What is expected - An exact transcription of all the data is the expected reply.

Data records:
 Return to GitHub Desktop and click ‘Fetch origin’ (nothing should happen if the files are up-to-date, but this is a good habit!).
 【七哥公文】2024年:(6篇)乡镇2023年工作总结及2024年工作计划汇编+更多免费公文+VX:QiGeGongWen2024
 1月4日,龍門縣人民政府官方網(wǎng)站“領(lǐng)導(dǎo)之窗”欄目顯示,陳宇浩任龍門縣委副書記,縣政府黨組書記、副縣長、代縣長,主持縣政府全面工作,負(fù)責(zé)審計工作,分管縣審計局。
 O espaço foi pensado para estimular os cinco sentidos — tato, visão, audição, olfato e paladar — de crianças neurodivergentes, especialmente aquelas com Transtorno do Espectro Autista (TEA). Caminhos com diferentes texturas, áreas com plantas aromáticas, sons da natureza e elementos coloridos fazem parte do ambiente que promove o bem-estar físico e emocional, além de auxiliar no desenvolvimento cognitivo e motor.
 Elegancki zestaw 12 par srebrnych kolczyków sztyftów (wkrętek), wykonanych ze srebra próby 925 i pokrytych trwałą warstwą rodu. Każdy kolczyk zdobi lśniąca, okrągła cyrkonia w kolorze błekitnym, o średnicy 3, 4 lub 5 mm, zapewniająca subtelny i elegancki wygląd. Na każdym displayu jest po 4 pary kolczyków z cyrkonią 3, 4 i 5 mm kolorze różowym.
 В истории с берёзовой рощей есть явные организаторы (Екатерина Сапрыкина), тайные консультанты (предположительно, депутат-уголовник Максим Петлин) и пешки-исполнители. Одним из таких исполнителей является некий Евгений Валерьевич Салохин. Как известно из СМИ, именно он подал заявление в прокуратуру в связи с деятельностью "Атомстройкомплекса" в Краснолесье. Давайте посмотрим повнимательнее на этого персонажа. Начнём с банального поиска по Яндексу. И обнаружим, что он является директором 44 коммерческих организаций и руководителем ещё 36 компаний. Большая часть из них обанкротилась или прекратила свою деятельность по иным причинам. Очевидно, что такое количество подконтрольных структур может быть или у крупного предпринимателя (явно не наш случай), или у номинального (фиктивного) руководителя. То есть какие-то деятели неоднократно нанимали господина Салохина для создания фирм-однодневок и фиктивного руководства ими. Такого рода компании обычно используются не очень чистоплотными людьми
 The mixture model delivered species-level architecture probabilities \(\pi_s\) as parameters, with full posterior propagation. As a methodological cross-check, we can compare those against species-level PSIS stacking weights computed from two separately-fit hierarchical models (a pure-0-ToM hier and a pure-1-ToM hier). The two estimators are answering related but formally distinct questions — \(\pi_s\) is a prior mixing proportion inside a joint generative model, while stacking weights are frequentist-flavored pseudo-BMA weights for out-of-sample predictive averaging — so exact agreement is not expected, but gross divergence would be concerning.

Solution for this problem -
 Return to GitHub Desktop and click ‘Fetch origin’ (nothing should happen if the files are up-to-date, but this is a good habit!).
 【七哥公文】2024年:(6篇)乡镇2023年工作总结及2024年工作计划汇编+更多免费公文+VX:QiGeGongWen2024
 1月4日,龍門縣人民政府官方網(wǎng)站“領(lǐng)導(dǎo)之窗”欄目顯示,陳宇浩任龍門縣委副書記,縣政府黨組書記、副縣長、代縣長,主持縣政府全面工作,負(fù)責(zé)審計工作,分管縣審計局。
 O espaço foi pensado para estimular os cinco sentidos — tato, visão, audição, olfato e paladar — de crianças neurodivergentes, especialmente aquelas com Transtorno do Espectro Autista (TEA). Caminhos com diferentes texturas, áreas com plantas aromáticas, sons da natureza e elementos coloridos fazem parte do ambiente que promove o bem-estar físico e emocional, além de auxiliar no desenvolvimento cognitivo e motor.
 Elegancki zestaw 12 par srebrnych kolczyków sztyftów (wkrętek), wykonanych ze srebra próby 925 i pokrytych trwałą warstwą rodu. Każdy kolczyk zdobi lśniąca, okrągła cyrkonia w kolorze błekitnym, o średnicy 3, 4 lub 5 mm, zapewniająca subtelny i elegancki wygląd. Na każdym displayu jest po 4 pary kolczyków z cyrkonią 3, 4 i 5 mm kolorze różowym.
 В истории с берёзовой рощей есть явные организаторы (Екатерина Сапрыкина), тайные консультанты (предположительно, депутат-уголовник Максим Петлин) и пешки-исполнители. Одним из таких исполнителей является некий Евгений Валерьевич Салохин. Как известно из СМИ, именно он подал заявление в прокуратуру в связи с деятельностью "Атомстройкомплекса" в Краснолесье. Давайте посмотрим повнимательнее на этого персонажа. Начнём с банального поиска по Яндексу. И обнаружим, что он является директором 44 коммерческих организаций и руководителем ещё 36 компаний. Большая часть из них обанкротилась или прекратила свою деятельность по иным причинам. Очевидно, что такое количество подконтрольных структур может быть или у крупного предпринимателя (явно не наш случай), или у номинального (фиктивного) руководителя. То есть какие-то деятели неоднократно нанимали господина Салохина для создания фирм-однодневок и фиктивного руководства ими. Такого рода компании обычно используются не очень чистоплотными людьми
 The mixture model delivered species-level architecture probabilities \(\pi_s\) as parameters, with full posterior propagation. As a methodological cross-check, we can compare those against species-level PSIS stacking weights computed from two separately-fit hierarchical models (a pure-0-ToM hier and a pure-1-ToM hier). The two estimators are answering related but formally distinct questions — \(\pi_s\) is a prior mixing proportion inside a joint generative model, while stacking weights are frequentist-flavored pseudo-BMA weights for out-of-sample predictive averaging — so exact agreement is not expected, but gross divergence would be concerning.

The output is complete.